(Stored data)
---------------

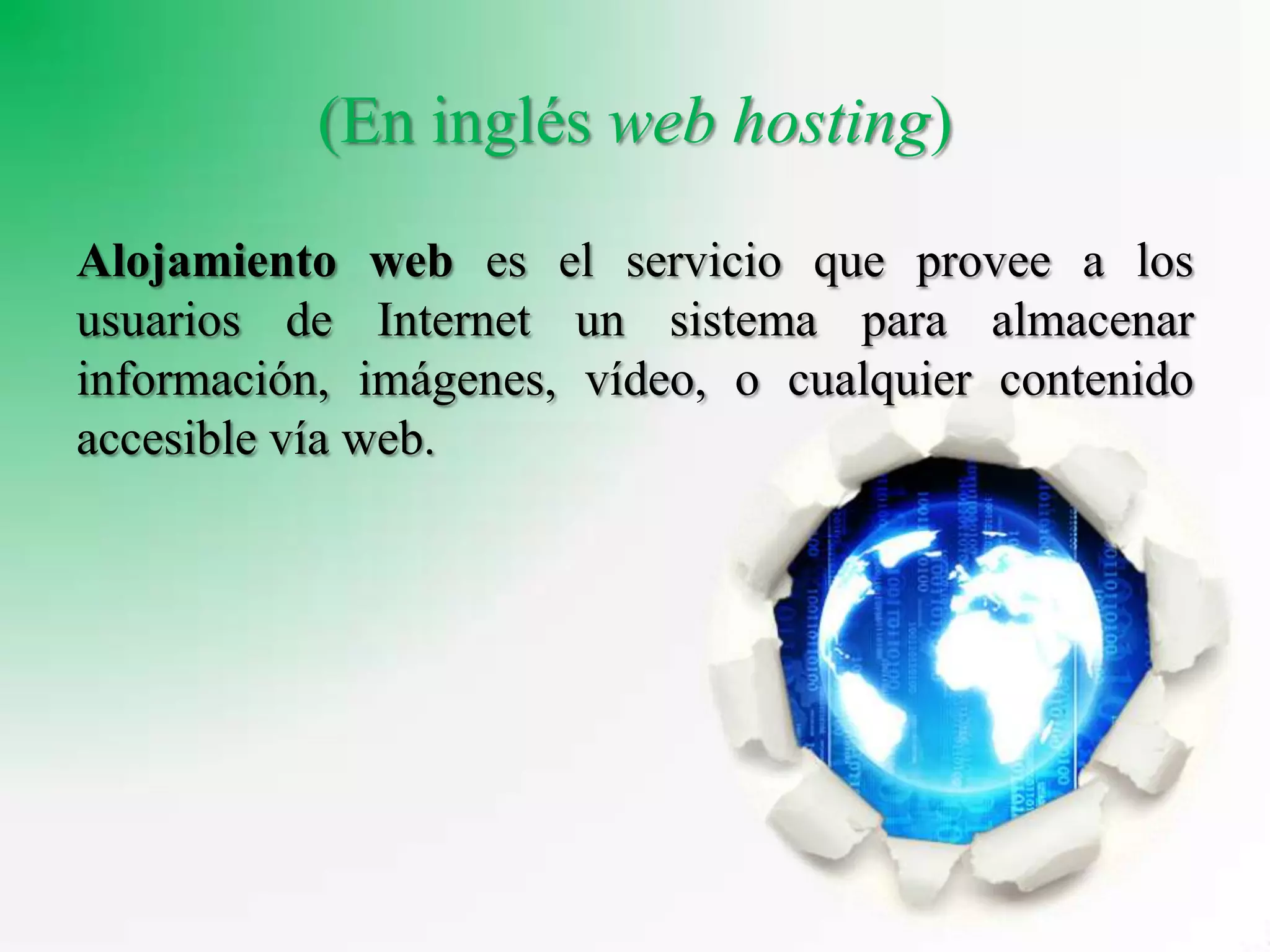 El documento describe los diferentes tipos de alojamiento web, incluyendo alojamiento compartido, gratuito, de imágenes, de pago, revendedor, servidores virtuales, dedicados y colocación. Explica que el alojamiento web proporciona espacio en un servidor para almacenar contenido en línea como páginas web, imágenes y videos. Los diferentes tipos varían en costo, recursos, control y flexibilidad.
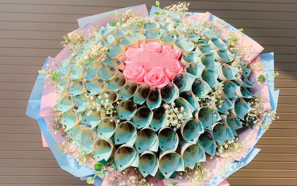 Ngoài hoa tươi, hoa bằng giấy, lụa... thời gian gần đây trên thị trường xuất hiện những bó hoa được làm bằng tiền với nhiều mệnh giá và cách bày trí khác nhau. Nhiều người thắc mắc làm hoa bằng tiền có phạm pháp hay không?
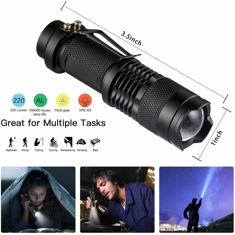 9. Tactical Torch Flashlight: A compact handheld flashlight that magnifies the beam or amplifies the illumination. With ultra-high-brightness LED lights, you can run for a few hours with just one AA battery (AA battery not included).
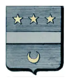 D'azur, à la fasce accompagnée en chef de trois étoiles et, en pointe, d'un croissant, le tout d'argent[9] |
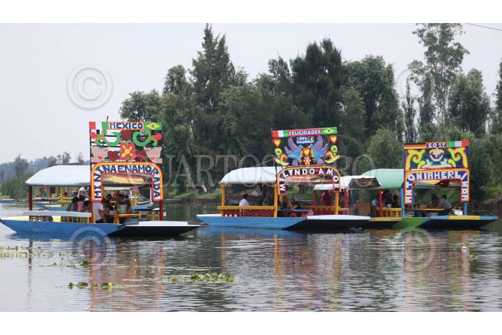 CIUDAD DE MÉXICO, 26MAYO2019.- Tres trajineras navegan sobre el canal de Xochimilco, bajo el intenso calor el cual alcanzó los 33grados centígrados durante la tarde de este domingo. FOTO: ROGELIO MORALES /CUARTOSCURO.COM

---------------

Required work:
Copy exactly, please, every line from the one holding "9. Tactical Torch" through the last line of the data, both ends included, and no pictures.

Output:
 9. Tactical Torch Flashlight: A compact handheld flashlight that magnifies the beam or amplifies the illumination. With ultra-high-brightness LED lights, you can run for a few hours with just one AA battery (AA battery not included).
 D'azur, à la fasce accompagnée en chef de trois étoiles et, en pointe, d'un croissant, le tout d'argent[9] |
 CIUDAD DE MÉXICO, 26MAYO2019.- Tres trajineras navegan sobre el canal de Xochimilco, bajo el intenso calor el cual alcanzó los 33grados centígrados durante la tarde de este domingo. FOTO: ROGELIO MORALES /CUARTOSCURO.COM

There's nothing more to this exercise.